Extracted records
***
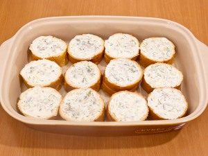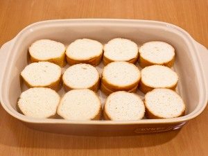 Батон нарезать кусочками толщиной 2 см.
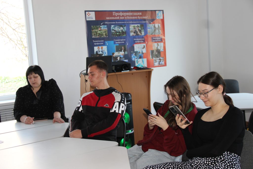 В заключение встречи специалист Центра занятости населения провела профориентацию, познакомив школьников и студентов с возможностями единой цифровой платформы «Работа России». Зарегистрировавшись на портале, любой гражданин может пройти тестирование, узнать о вакансиях, подать заявление на получение консультационных услуг.
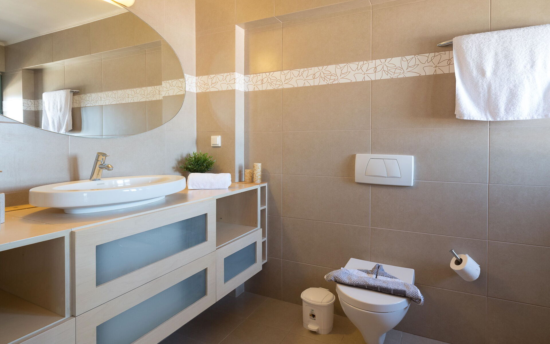 Met: keuken – woonkamer, 2 slaapkamers met badkamer, slaapkamer, badkamer.
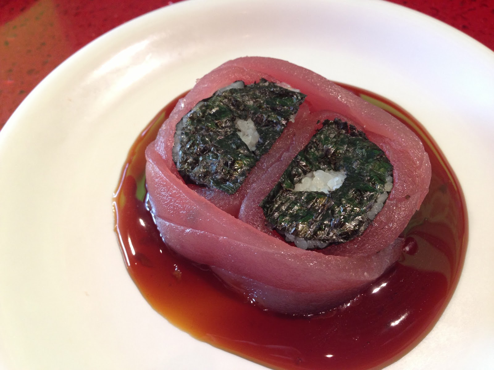 Carefully cut your sashimi grade tuna into strips the same width as your rice. Wrap them around the exterior. Slap one of those suckers down the middle while you’re at it.
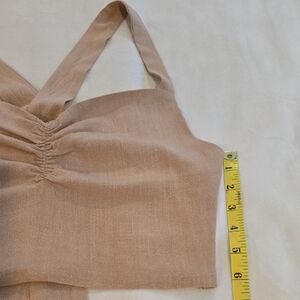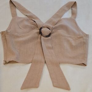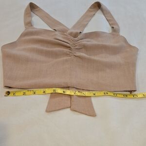 Elegant beige crop top with ruched detail. Perfect for layering or standalone style. Bin #7
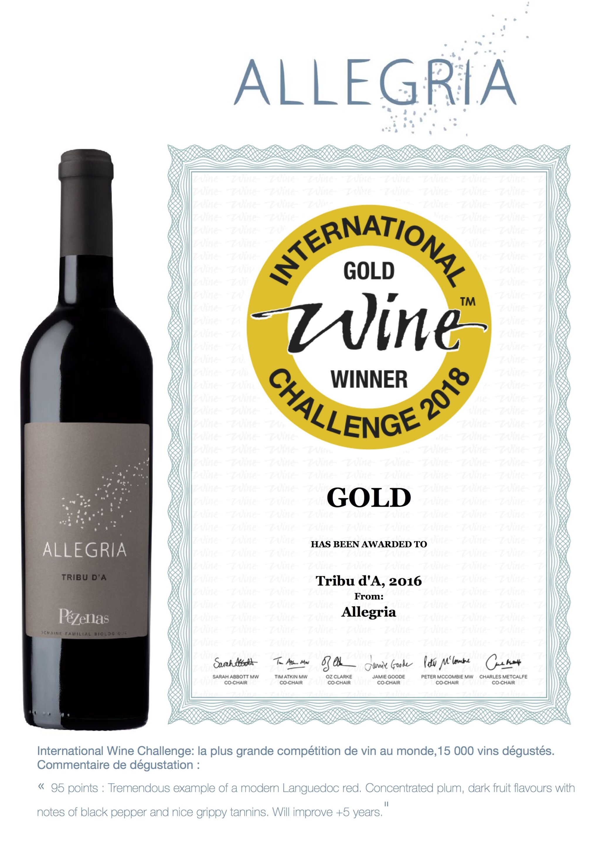 Nous sommes très fiers de notre nouveau tribu d’A 2016 qui a gagné la médaille d’or à l’International Wine Challenge, avec 95 points.
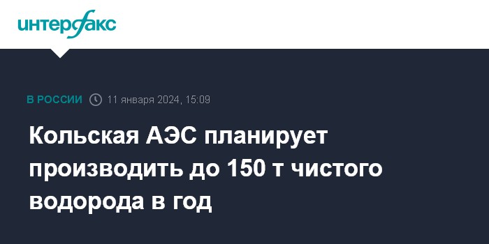 Москва. 11 января. INTERFAX.RU - Объем производства водорода на будущем стендовом испытательном комплексе на Кольской АЭС (КАЭС, Мурманская область) составит до 150 тонн водорода в год, сообщила пресс-служба станции.
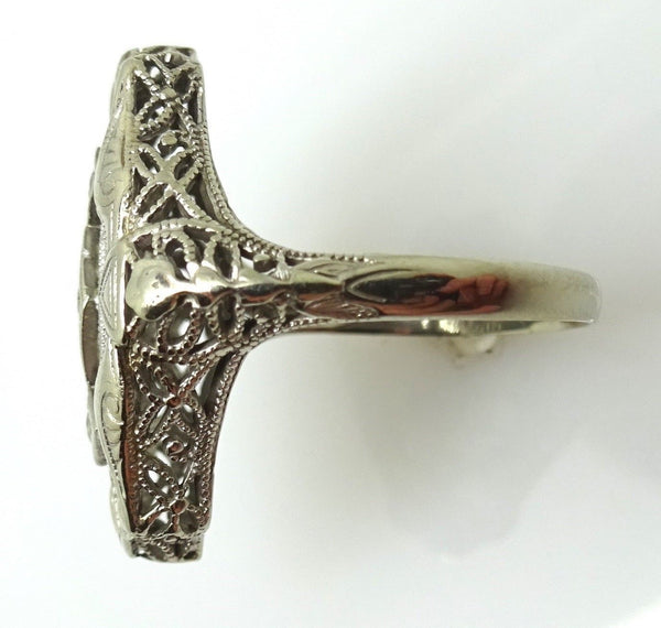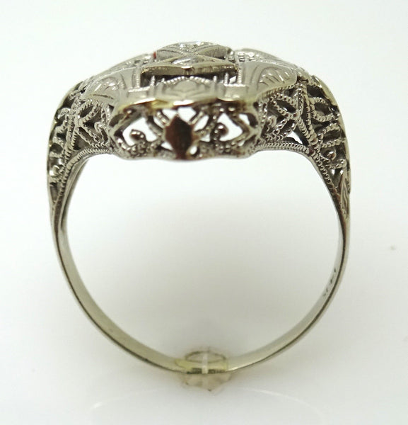 Art Deco 14k White Gold Three Genuine Natural Diamond Filigree Ring (#J3809)
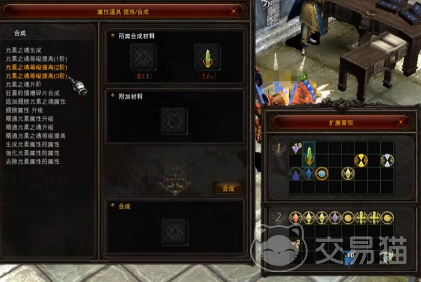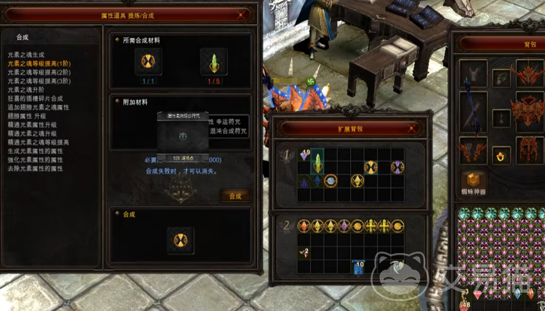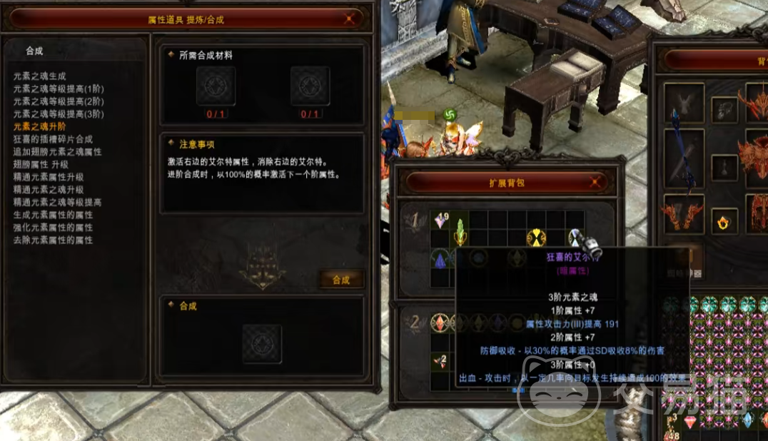 接着在自己的背包里面找到两个狂喜,接着我们要将他们强化至+7。然后再点击第二个对话选项,也就是元素之魂等级的提高。除了需要放入一个狂喜之外,然后还要加5个强化道具。如果你担心强化失败的话,就可以放入一些保护符咒。
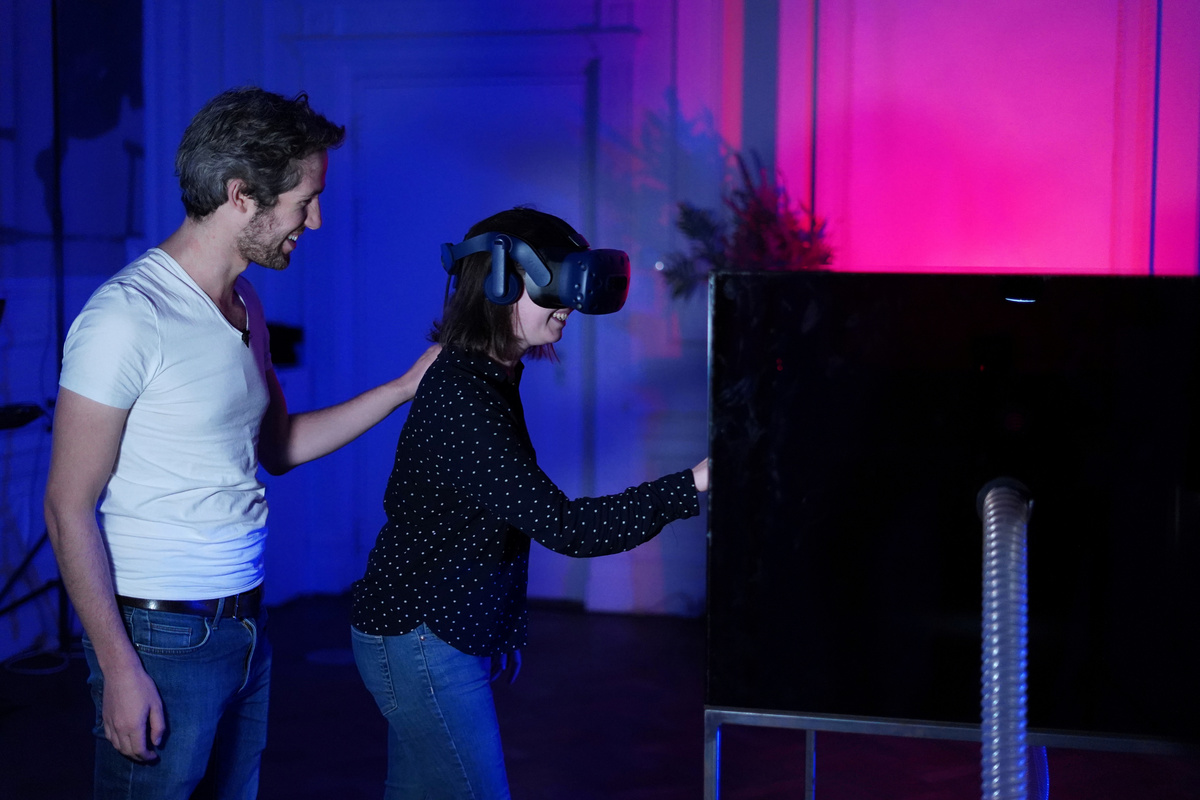 Yoni Van Den Brink stands next to his partner Sophie Van Den Brink-Fitzsimmons who uses 3D goggles to meet the cyborg baby they created as part of the "IVF-X: Become a digital parent now!" art installation by Dutch visual artist Victorine van Alphen in VondelCS Cultural Centre, Amsterdam, Netherlands, August 30, 2020. Picture taken August 30, 2020. REUTERS/Esther Verkaik
***
Work item
Return exactly the lines of the data, beginning with the first and ending with the line containing "Nous sommes très". Skip the pictures.

The answer
 Батон нарезать кусочками толщиной 2 см.
 В заключение встречи специалист Центра занятости населения провела профориентацию, познакомив школьников и студентов с возможностями единой цифровой платформы «Работа России». Зарегистрировавшись на портале, любой гражданин может пройти тестирование, узнать о вакансиях, подать заявление на получение консультационных услуг.
 Met: keuken – woonkamer, 2 slaapkamers met badkamer, slaapkamer, badkamer.
 Carefully cut your sashimi grade tuna into strips the same width as your rice. Wrap them around the exterior. Slap one of those suckers down the middle while you’re at it.
 Elegant beige crop top with ruched detail. Perfect for layering or standalone style. Bin #7
 Nous sommes très fiers de notre nouveau tribu d’A 2016 qui a gagné la médaille d’or à l’International Wine Challenge, avec 95 points.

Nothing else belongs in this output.